(Beginning of DATASET ENTRIES)

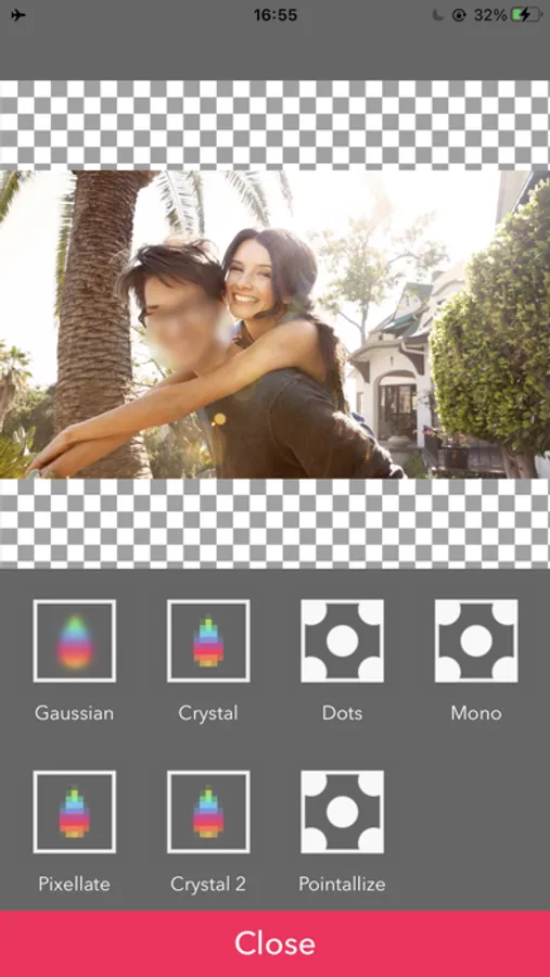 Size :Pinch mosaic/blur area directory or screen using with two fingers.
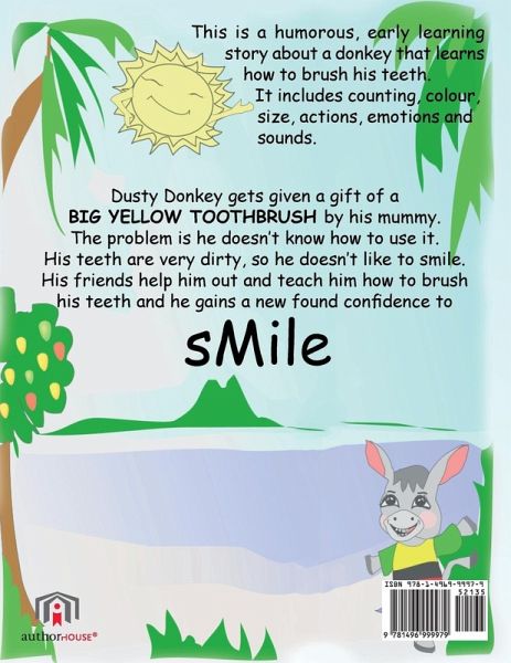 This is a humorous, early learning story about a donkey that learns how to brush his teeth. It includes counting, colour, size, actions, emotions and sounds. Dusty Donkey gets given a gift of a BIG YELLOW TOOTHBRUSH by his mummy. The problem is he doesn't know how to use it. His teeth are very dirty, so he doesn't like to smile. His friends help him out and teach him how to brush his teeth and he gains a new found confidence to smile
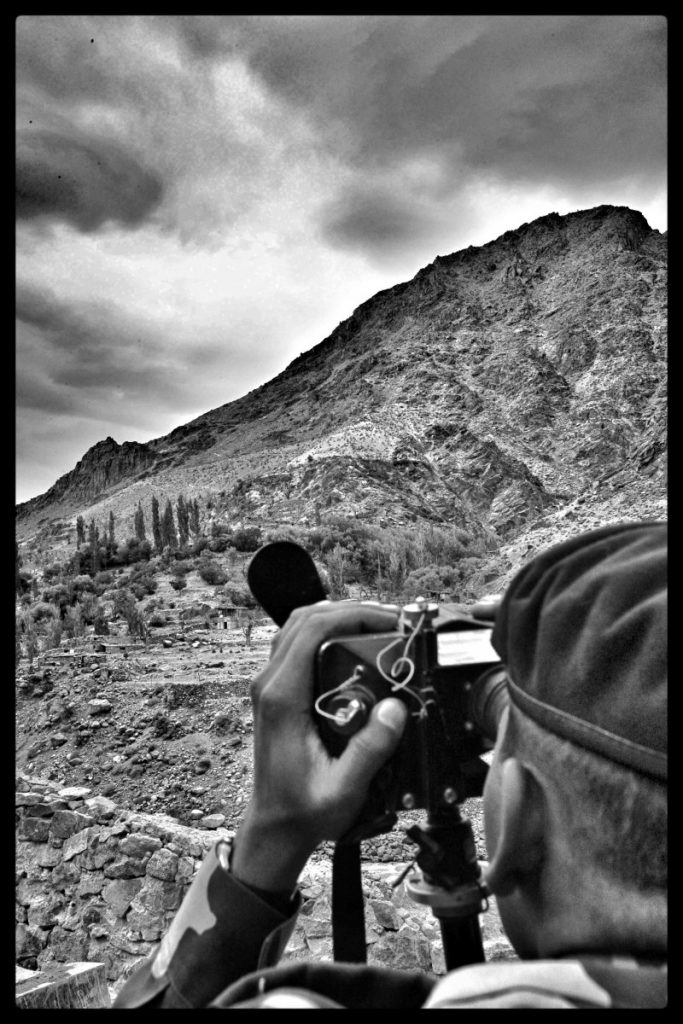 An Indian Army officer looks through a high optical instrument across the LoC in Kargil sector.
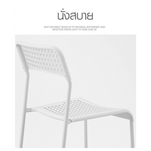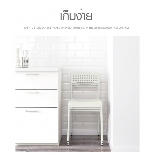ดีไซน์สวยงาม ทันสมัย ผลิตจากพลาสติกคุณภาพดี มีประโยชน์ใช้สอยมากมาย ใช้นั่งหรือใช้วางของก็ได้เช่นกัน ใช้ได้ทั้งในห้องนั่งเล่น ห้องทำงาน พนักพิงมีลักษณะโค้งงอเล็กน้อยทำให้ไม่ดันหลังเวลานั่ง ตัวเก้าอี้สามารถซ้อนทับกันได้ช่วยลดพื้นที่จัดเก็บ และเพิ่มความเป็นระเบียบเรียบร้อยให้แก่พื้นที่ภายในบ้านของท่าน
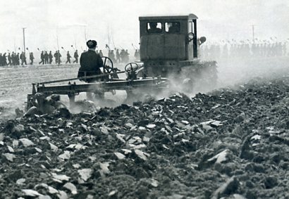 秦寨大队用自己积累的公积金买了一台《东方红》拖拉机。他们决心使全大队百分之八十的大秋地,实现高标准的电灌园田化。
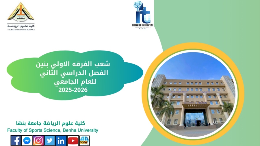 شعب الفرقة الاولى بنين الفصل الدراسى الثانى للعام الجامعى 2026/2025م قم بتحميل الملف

(End of DATASET ENTRIES)
(Beginning of DATASET ENTRIES)

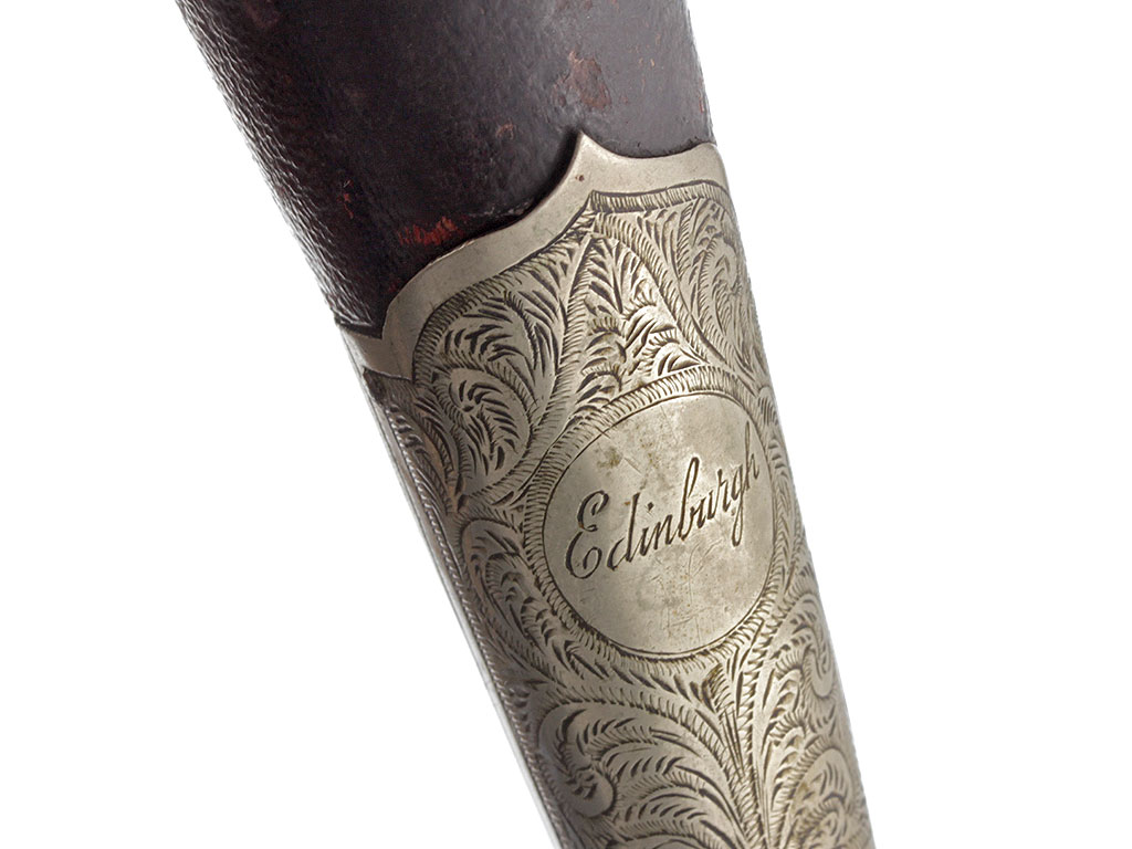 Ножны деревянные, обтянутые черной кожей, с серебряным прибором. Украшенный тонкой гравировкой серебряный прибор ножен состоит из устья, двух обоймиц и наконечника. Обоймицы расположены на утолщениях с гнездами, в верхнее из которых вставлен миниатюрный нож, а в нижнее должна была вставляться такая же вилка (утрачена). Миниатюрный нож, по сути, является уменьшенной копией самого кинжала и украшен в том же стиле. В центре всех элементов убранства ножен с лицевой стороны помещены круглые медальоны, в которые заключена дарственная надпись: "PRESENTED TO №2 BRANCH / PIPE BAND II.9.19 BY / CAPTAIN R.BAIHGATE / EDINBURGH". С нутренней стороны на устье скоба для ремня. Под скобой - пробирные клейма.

(End of DATASET ENTRIES)

**WHAT IS NEEDED**: Going by the data above, give back only the lines from the one containing "秦寨大队用自己积累的公积金买" through the one containing "شعب الفرقة الاولى", exactly as they stand, both ends included and no images.

**RESULT**:
 秦寨大队用自己积累的公积金买了一台《东方红》拖拉机。他们决心使全大队百分之八十的大秋地,实现高标准的电灌园田化。
 شعب الفرقة الاولى بنين الفصل الدراسى الثانى للعام الجامعى 2026/2025م قم بتحميل الملف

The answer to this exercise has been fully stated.